## [Task]
What you produce should be the lines from the line containing "On a budget, use" through the last line below, both ends included, reproduced exactly and without pictures.

(Beginning of Entries shown)

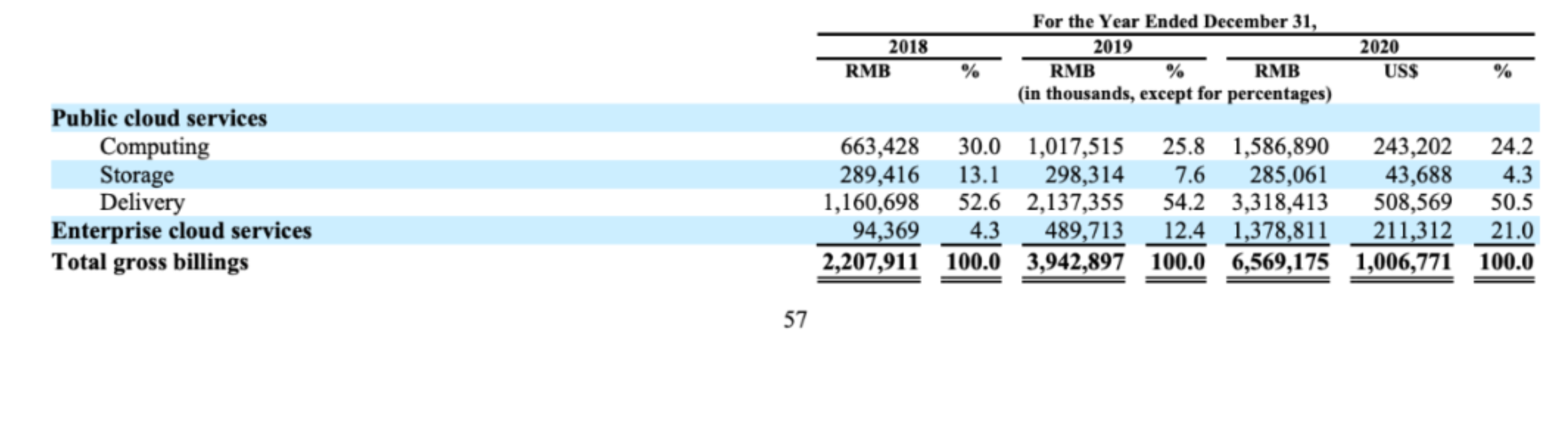在年报中的数据口径,实际上是交付(Delivery)业务在公有云和企业云两块业务中的占比。
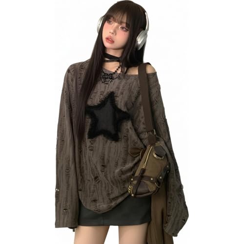 長袖 Tシャツ レディース ダメージ加工 星柄 ロンT オーバーサイズ パンク ロック カットソー クルーネック ゆったり 穴あき トップス カジュアル ストリート Y2K サブカル系 おしゃれ
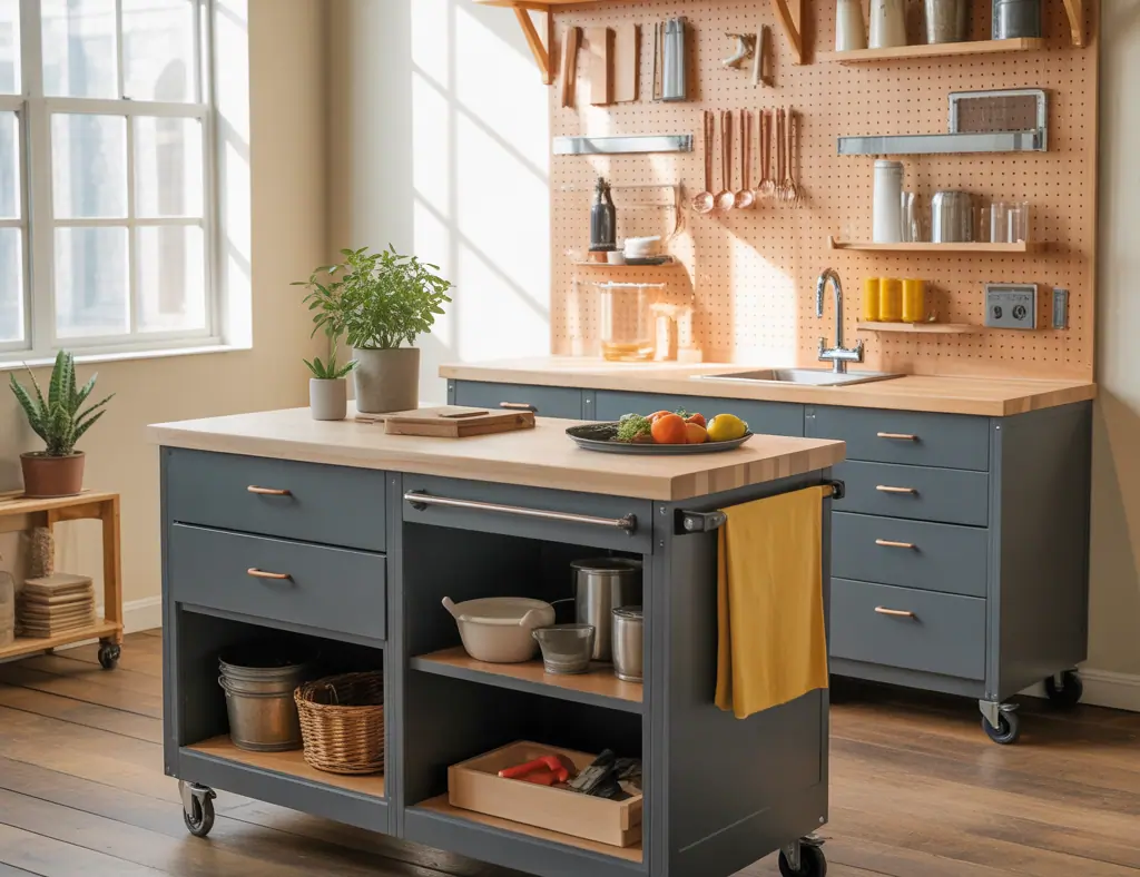 On a budget, use reclaimed wood, a used dresser, or a pre-made kitchen cart topped with a laminate slab. For a premium mobile island, invest in a thick butcher block, soft-close drawers, and industrial casters. Either approach can look intentional—finish and hardware make a huge difference.
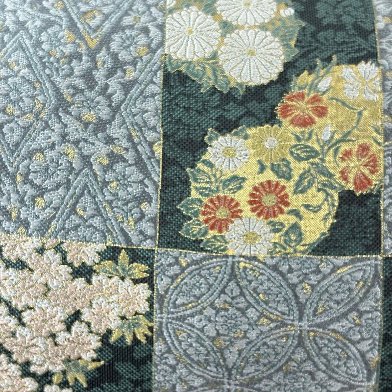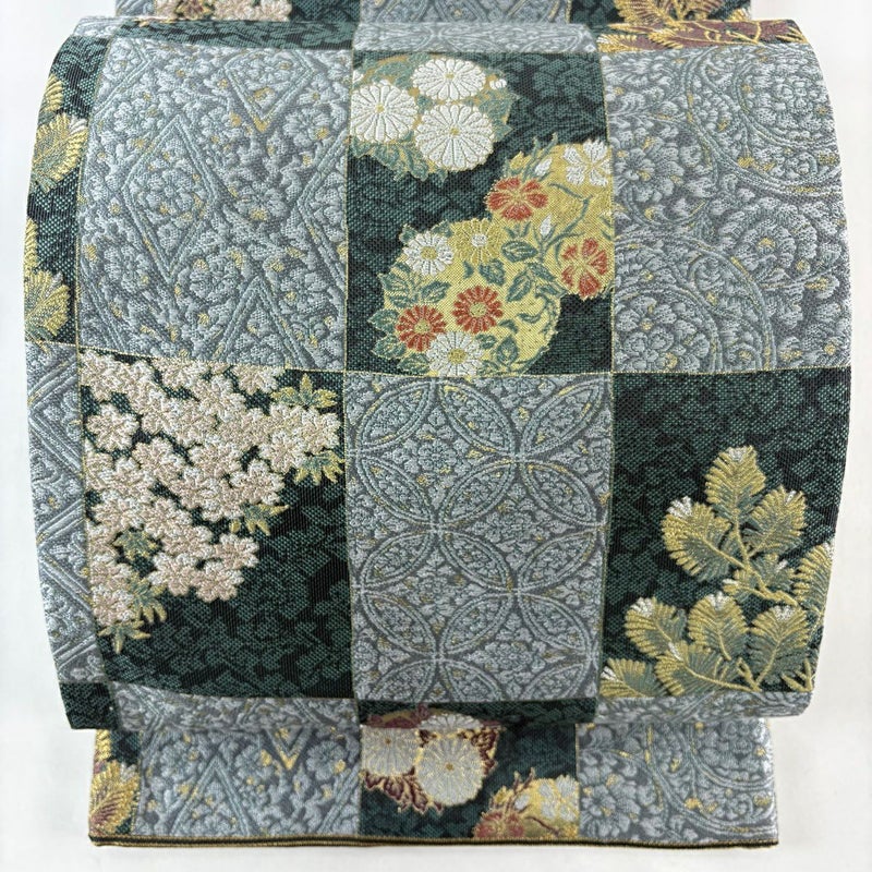 【袋帯】 灰色系 灰緑 名品 A 帯丈426cm~435cm 9990-29990 美品 二万以下
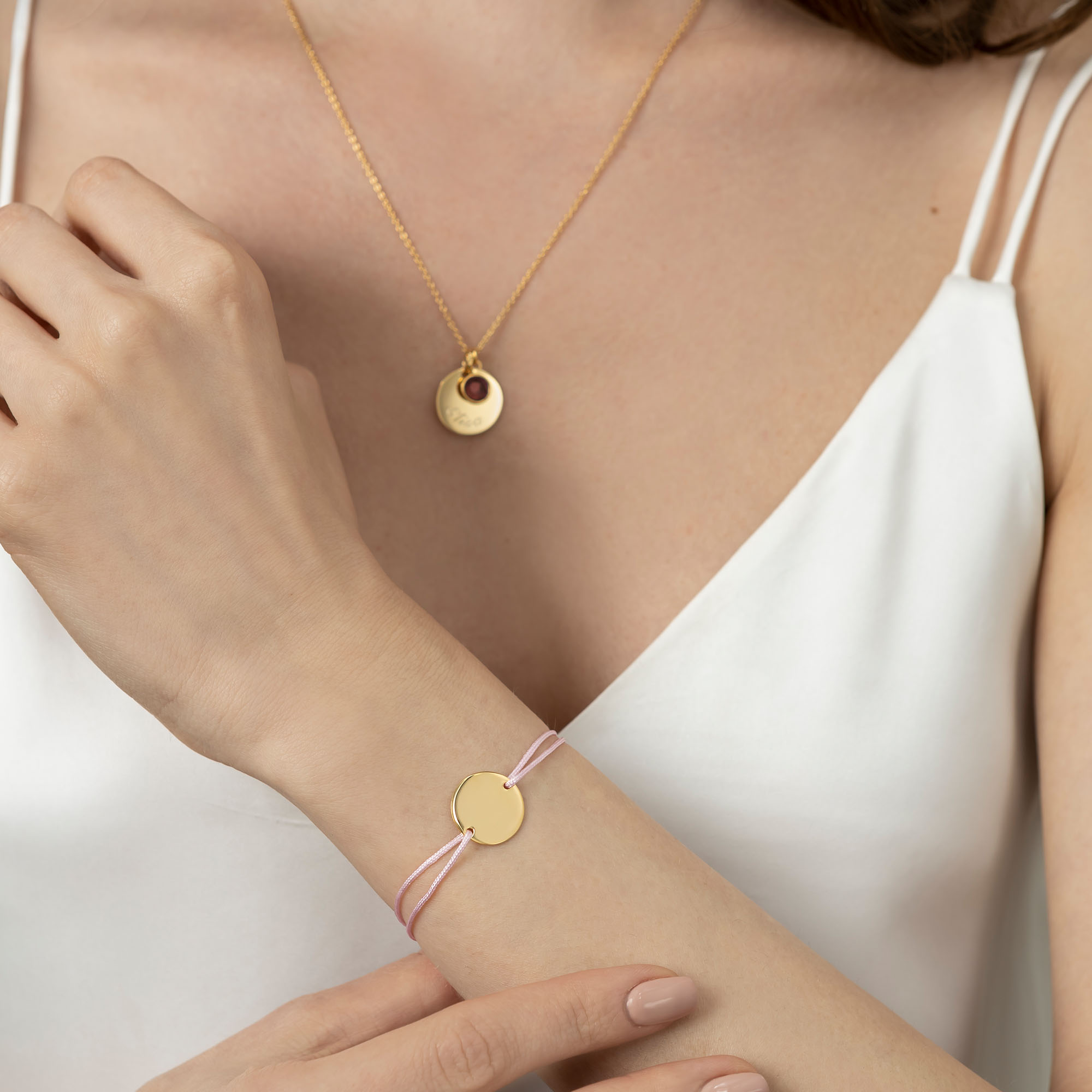 Gold plated solid silver disc personalised friendship bracelet with pink luxury cord. This gold engraved bracelet from MYRI London is bright and full of fun, creating a beautiful personalised gift for a special moment. The disc is the perfect stage to showcase a name or date, carefully engraved on the curve of the circle.

(End of Entries shown)

## [Reply]
 On a budget, use reclaimed wood, a used dresser, or a pre-made kitchen cart topped with a laminate slab. For a premium mobile island, invest in a thick butcher block, soft-close drawers, and industrial casters. Either approach can look intentional—finish and hardware make a huge difference.
 【袋帯】 灰色系 灰緑 名品 A 帯丈426cm~435cm 9990-29990 美品 二万以下
 Gold plated solid silver disc personalised friendship bracelet with pink luxury cord. This gold engraved bracelet from MYRI London is bright and full of fun, creating a beautiful personalised gift for a special moment. The disc is the perfect stage to showcase a name or date, carefully engraved on the curve of the circle.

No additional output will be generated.